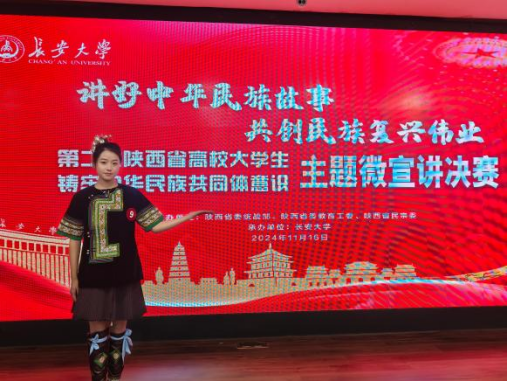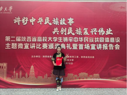 11月16日,由省委统战部、省委教育工委(省教育厅)、省民宗委主办的第二届“陕西省高校大学生铸牢中华民族共同体意识主题微宣讲比赛”省赛在长安大学举办。我院2023级本科生王迪同学经过前期初赛、复赛层层选拔进入省级决赛,通过“讲好中华民族故事,共创民族复兴伟业”主题宣讲,荣获二等奖。
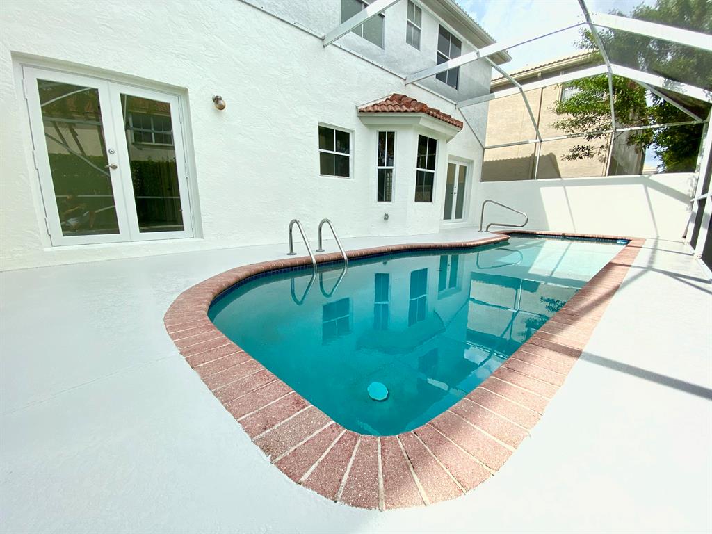 Spectacular 5 Bedroom Pool Home in Sonata at Mission Bay! This fabulous home sits on a corner lot, featuring tile floors downstairs, NEW gray laminate Aquaguard upstairs. Kitchen features NEW stainless steel appliances, Refinished white wood cabinets & granite counter tops, 2 living areas, dining area, Master suite upstairs with lots of closet space, large screened in pool, Custom Hurricane Impact Front Door being installed. Home has been FRESHLY PAINTED (white and gray) on the exterior and pool deck was been resurfaced and repainted.
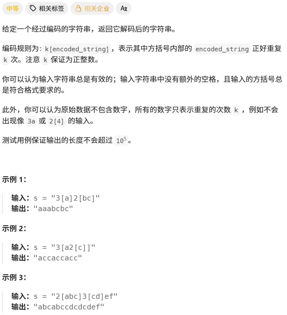 - 时间复杂度:设解码后字符串长度为S,则O(S),空间复杂度也是O(S)。
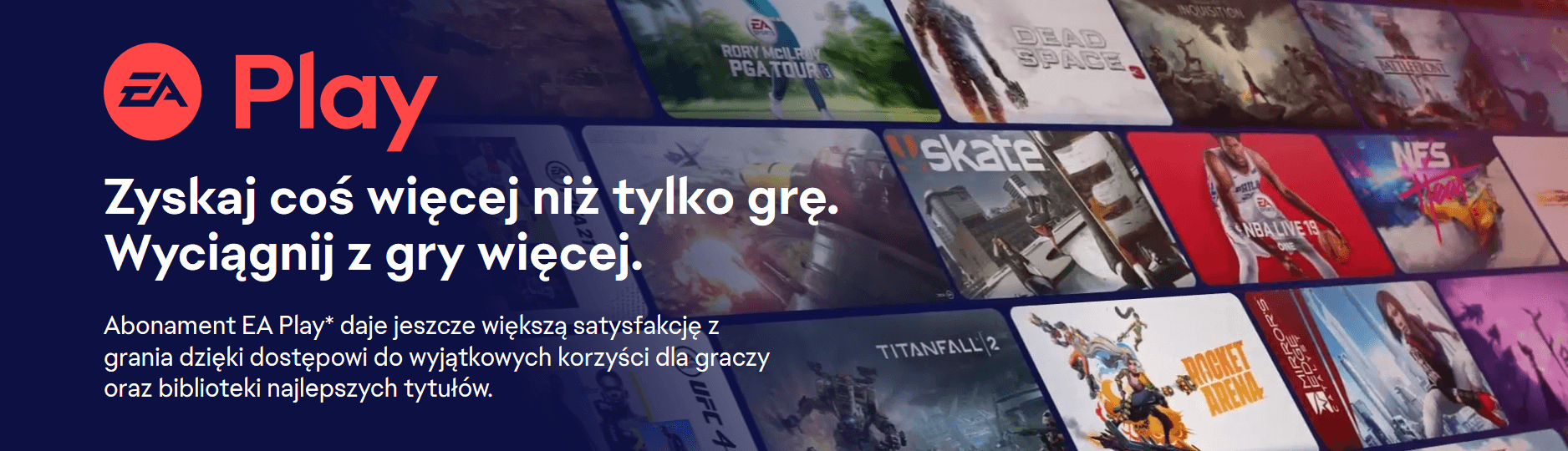 EA Play to oparta na subskrypcji usługa gier wideo firmy Electronic Arts na komputery oraz konsole PlayStation 4 i Xbox One. Na komputerach oferta jest dostępna na platformach Origin i Steam. Oferuje ona po zapłacie dostęp do wszystkich wybranych gier wydanych przez Electronic Arts bez dodatkowych opłat wraz z dodatkowymi zachętami. W ramach oferty do wyboru mamy dwa abonamenty: EA Play oraz wersję Pro dostępną jedynie poprzez Origin. Jest to idealne rozwiązanie dla fanów gier, którzy nie lubią się ograniczać i nie chcą wydawać dużych pieniędzy na zdobycie interesujących produktów.
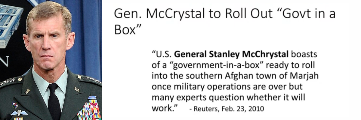 Voici le général Stanley McChrystal. Lui, il savait comment faire… Il allait installer au pouvoir un gouvernement en kit (prêt-à-monter). C’était il y a seulement une décennie, mais certains d’entre vous ne sont pas assez vieux pour avoir connu cela. Il s’est vanté de ce gouvernement en kit, qu’il allait implanter dans la ville de Marjah, dans le sud de l’Afghanistan, quand les opérations militaires seraient terminées... Ah bon ! On était en février 2010. Mais de nombreux experts se sont demandé si ça fonctionnerait, et je suis fier d’avoir été l’un d’eux.
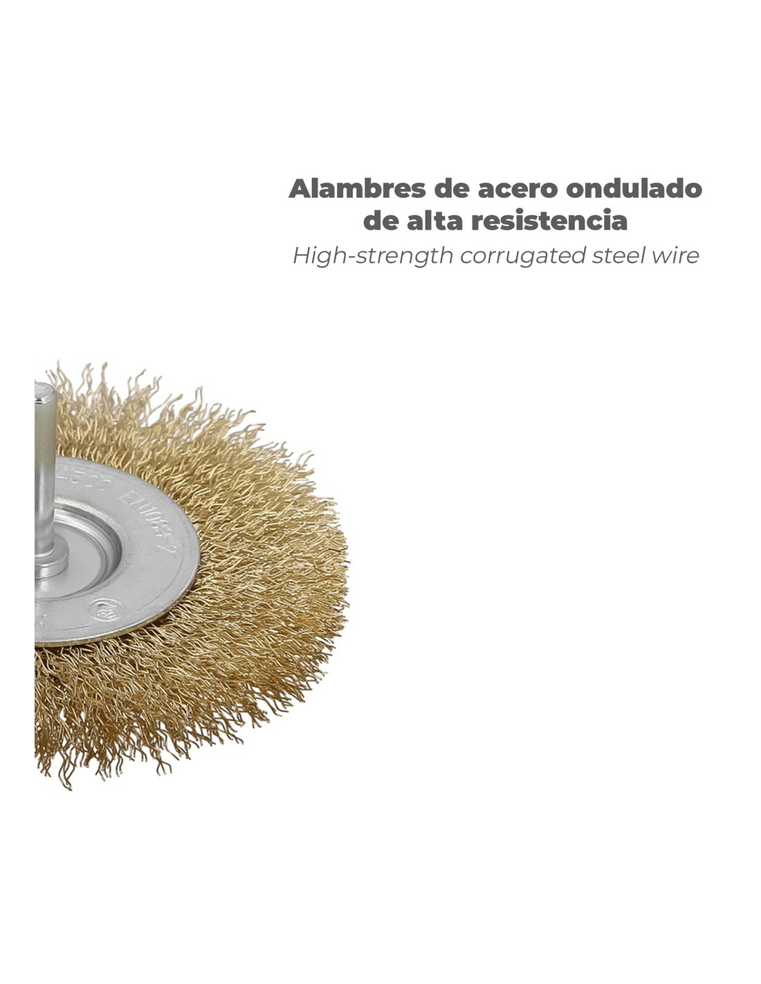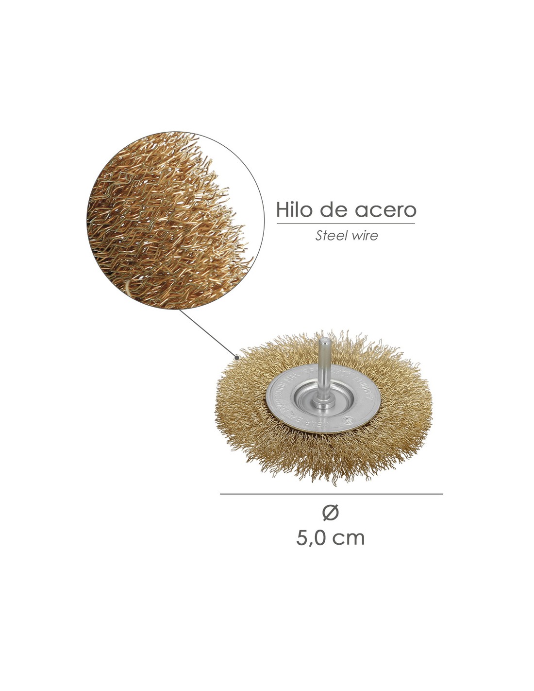 Cepillo Acero Latonado Para Taladro. Disco Ø 50 mm. Espiga 1/4" Cepillo Taladro Alambre Latón, Cepillo Limpieza, Cepillo Pulir.
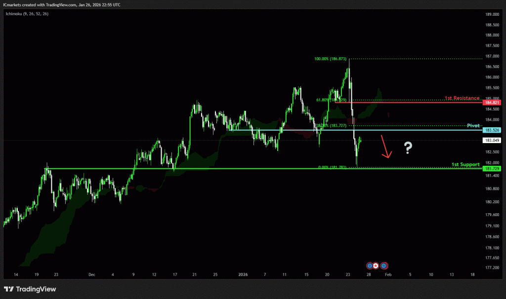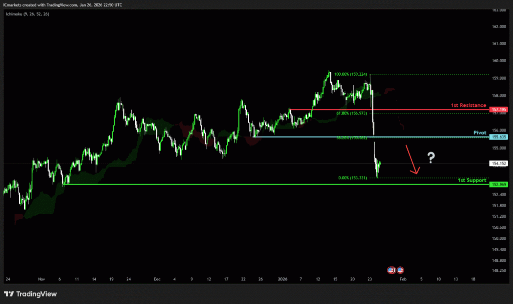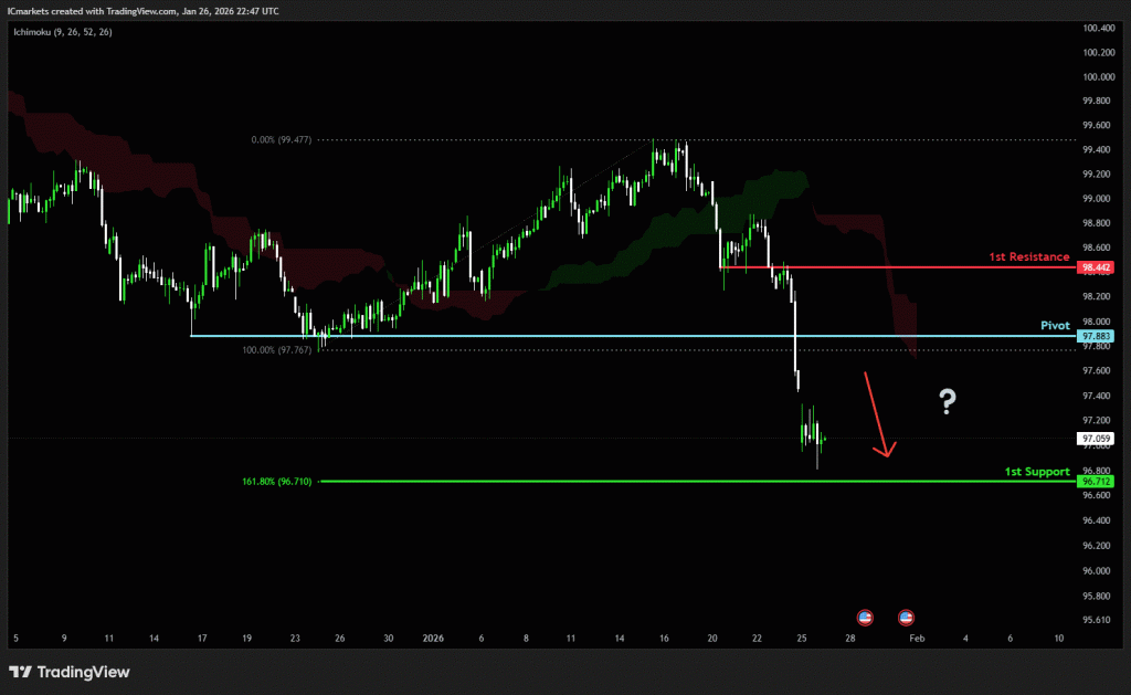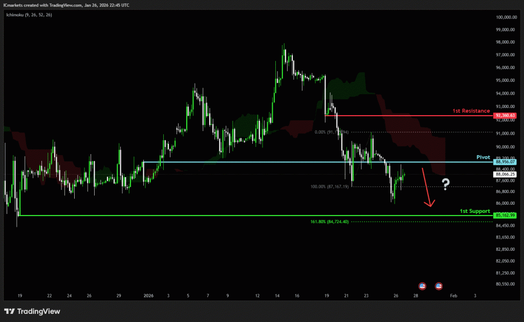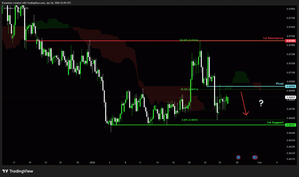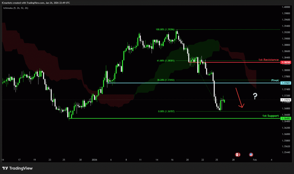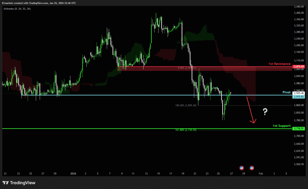 The price could see a short-term pullback toward the pivot before continuing its bearish move down toward the 1st support.
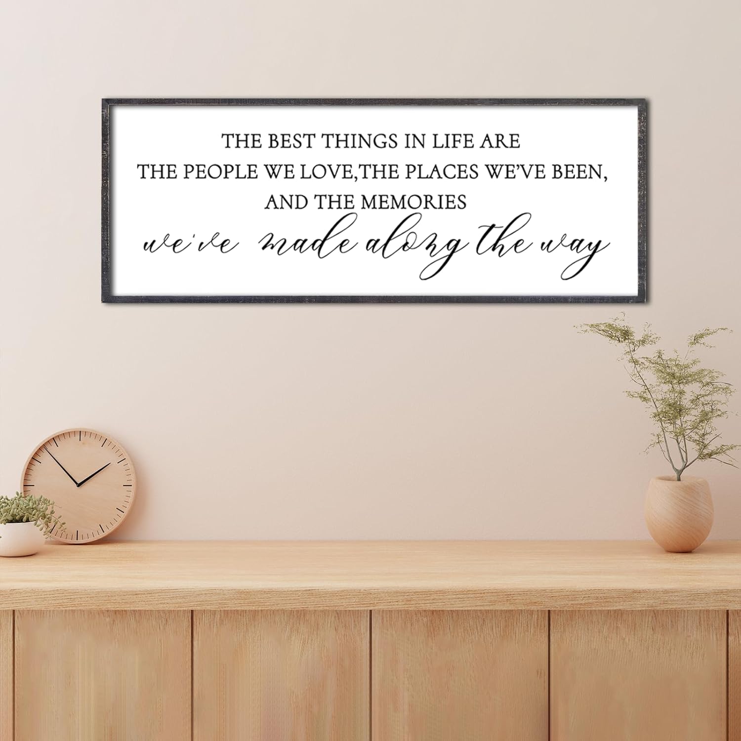 The Best Things in Life Wall Decor Sign 32 x 12 Inch Memories Inspirational Quotes Wood Framed Family Entryway Living Room Home Wall Art for Farmhouse Bedroom Room (Black)
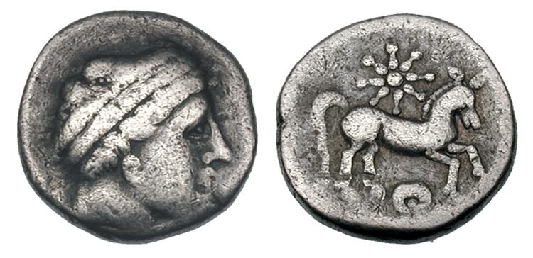 | Gobl 385 | East Celtic Fractional Coinage, AR Drachm. Drachm with star. Female head right, hair bound with broad band / Horse prancing right, sunburst above, pellet in ring below. Göbl OTA 385–386, BMC Celtic 150. | Text | Image |
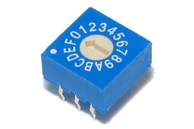 Piirilevylle asennettava 16-asentoinen kiertokytkin. Keskellä kaksi yhteistä jalka ja loput menee binäärisesti kierron position mukaan.

::::::

### WHAT YOU ARE ASKED TO DO:
Leaving every picture behind, retype the entries above exactly, from the first line through the line with "- 时间复杂度:设解码后字符串长度为S,则O(S),空间复杂度也是O(S)。", and stop there.

### SOLUTION TO THIS TASK:
 11月16日,由省委统战部、省委教育工委(省教育厅)、省民宗委主办的第二届“陕西省高校大学生铸牢中华民族共同体意识主题微宣讲比赛”省赛在长安大学举办。我院2023级本科生王迪同学经过前期初赛、复赛层层选拔进入省级决赛,通过“讲好中华民族故事,共创民族复兴伟业”主题宣讲,荣获二等奖。
 Spectacular 5 Bedroom Pool Home in Sonata at Mission Bay! This fabulous home sits on a corner lot, featuring tile floors downstairs, NEW gray laminate Aquaguard upstairs. Kitchen features NEW stainless steel appliances, Refinished white wood cabinets & granite counter tops, 2 living areas, dining area, Master suite upstairs with lots of closet space, large screened in pool, Custom Hurricane Impact Front Door being installed. Home has been FRESHLY PAINTED (white and gray) on the exterior and pool deck was been resurfaced and repainted.
 - 时间复杂度:设解码后字符串长度为S,则O(S),空间复杂度也是O(S)。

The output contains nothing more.